Items from a dataset
# # # # #
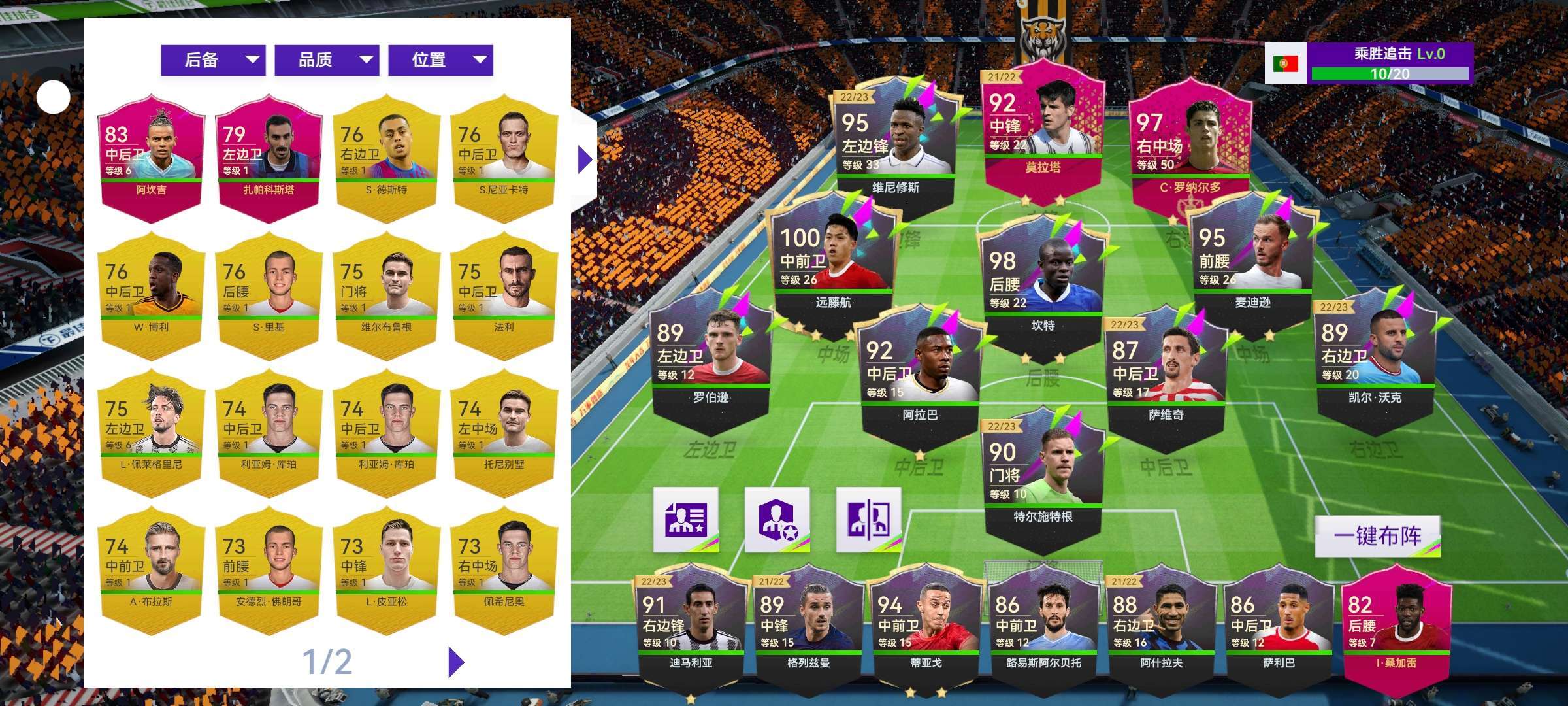 刚改完阵容用一张88,一张90一张91。换了多纳鲁马
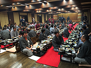 | 日左連青年部 左官サミット「群馬」開宴! サミットと言う名の、単なる忘年会です。 参加者は全国から 100名くらい? そして山形チームは、中締めをする前に二次会へと消える・・・ |
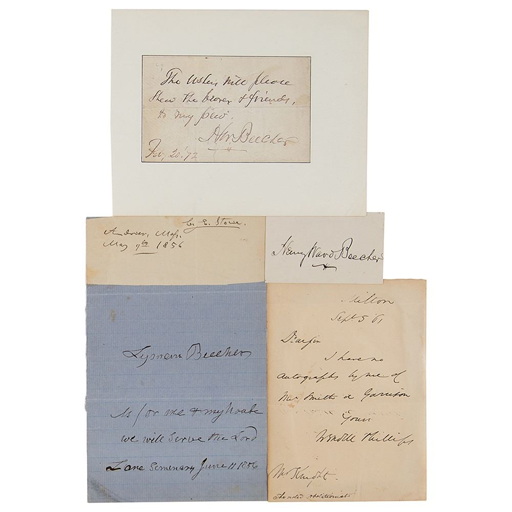 Group lot of five items signed by a notable abolitionist: Henry Ward Beecher (2: signature and ANS), Lyman Beecher (AQS), Wendell Phillips (ALS), and Calvin Ellis Stowe (signature, which is affixed to the top of the Lyman Beecher sheet). In overall fine condition.
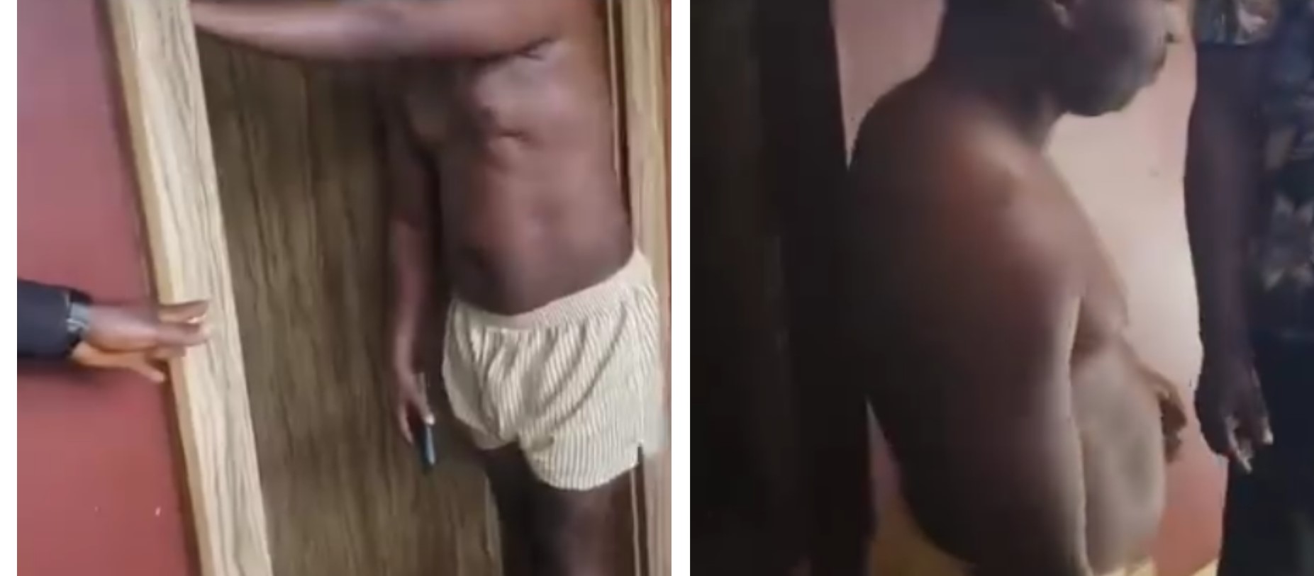 In the video which has now gone viral on social media, the married lecturer was seen in shorts, moving around agitatedly as he was being interrogated.
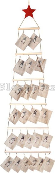 Popis Adventní kalendář Stromeček 120cm, přírodní pytlíky
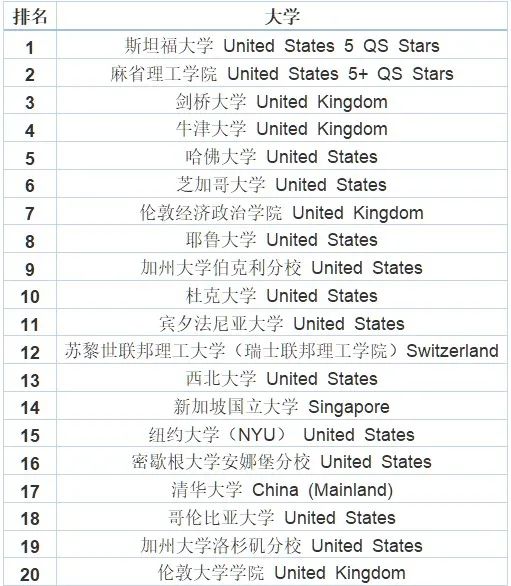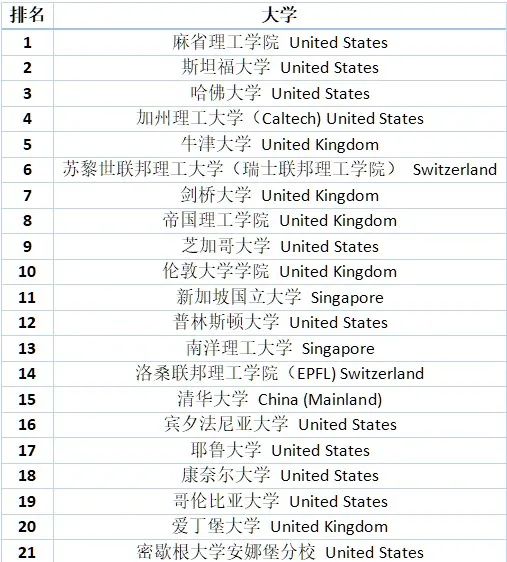 THE2021世界大學(xué)學(xué)科排名前二十:
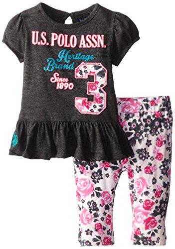-. Binding : Apparel -. Brand : U.S. Polo Assn. -. Department : baby-girls -. Feature : Number 3 applique on front center of t-shirt matches pant print / Pony logo embroidered on peplum hem and pant back pocket / Capri 5 pocket style knit pant -. Label : US Polo Assn. Children's Apparel -. Manufacturer : US Polo Assn. Children's Apparel -. PackageQuantity : 1 -. ProductGroup : Apparel -. ProductTypeName : SHIRT -. Publisher : US Polo Assn. Children's Apparel -. Studio : US Polo Assn. Children's Apparel -. Title : U.S. Polo Assn. Baby Girls' Bubble Sleeve Peplum Top and Leggings
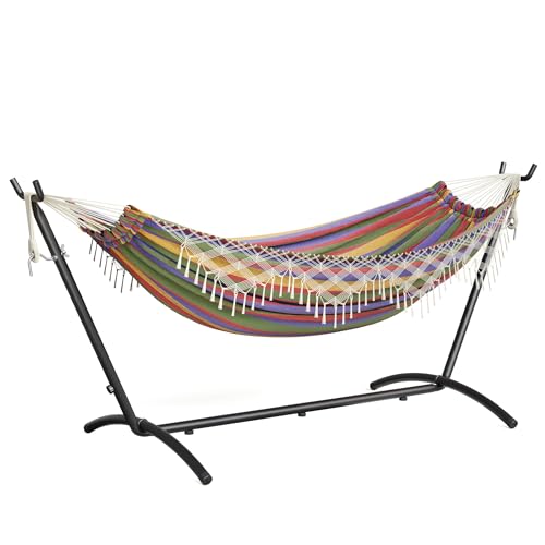Mondeer 2 Person Hammock with Stand, Bohemian Style Portable Garden Double Hammock, Metal Frame Adjustable, Suitable for Outdoor Terraces, Patios and Gardens, up to 270kg, Colorful
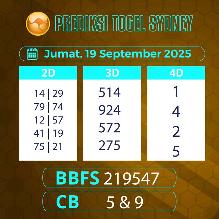 PREDIKSI TOGEL SYDNEY TERBARU JUMAT 19 SEPTEMBER 2025 – Selamat datang untuk semua sobat tercinta di situs terbaik yang akan membantu sobat dalam memberikan angka main sydney hari ini.
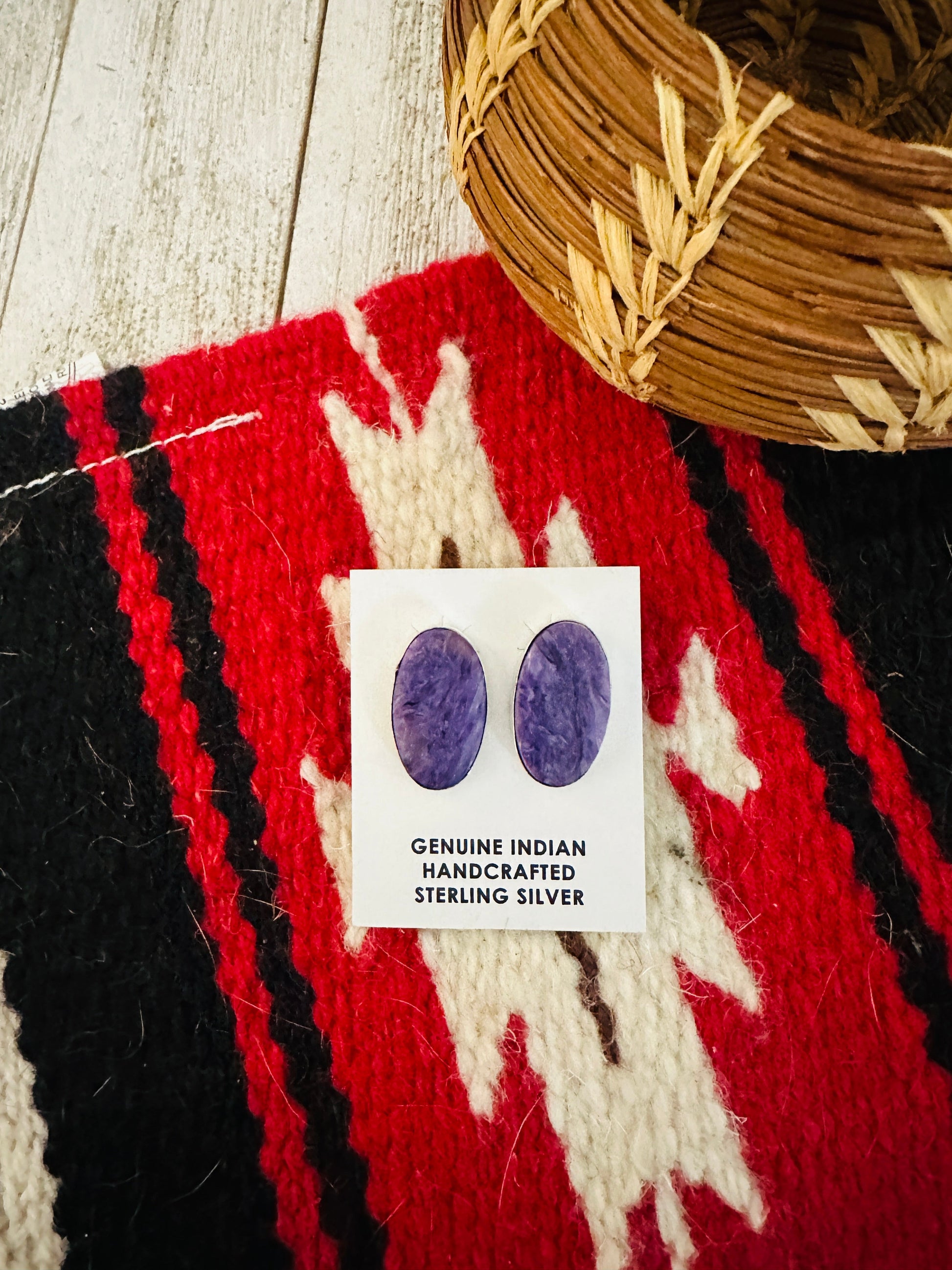 Gorgeous Navajo handmade Charoite and Sterling Silver stud earrings. Stamped Sterling. Beautiful colors in these studs! These beauties measure 7/8 of an inch long and 1/2 of an inch wide.
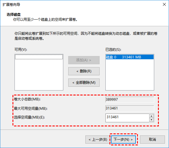 步骤4. 接下来按照扩展卷向导,设置要扩展的分区大小。
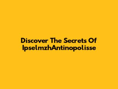 Discover The Secrets Of IpselmzhAntinopolisse
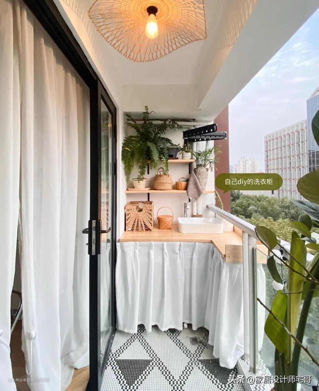 阳台的左侧,是小姐姐自己diy的一个洗衣机柜,下面安装了洗衣机,并用白色的帘子进行遮挡,美观又实用。
# # # # #
▸ **Task directions**:
Set the pictures aside and retype exactly the lines above from the line with "Mondeer 2 Person" to the line with "Gorgeous Navajo handmade", both included, adding no others.

▸ **Task output**:
Mondeer 2 Person Hammock with Stand, Bohemian Style Portable Garden Double Hammock, Metal Frame Adjustable, Suitable for Outdoor Terraces, Patios and Gardens, up to 270kg, Colorful
 PREDIKSI TOGEL SYDNEY TERBARU JUMAT 19 SEPTEMBER 2025 – Selamat datang untuk semua sobat tercinta di situs terbaik yang akan membantu sobat dalam memberikan angka main sydney hari ini.
 Gorgeous Navajo handmade Charoite and Sterling Silver stud earrings. Stamped Sterling. Beautiful colors in these studs! These beauties measure 7/8 of an inch long and 1/2 of an inch wide.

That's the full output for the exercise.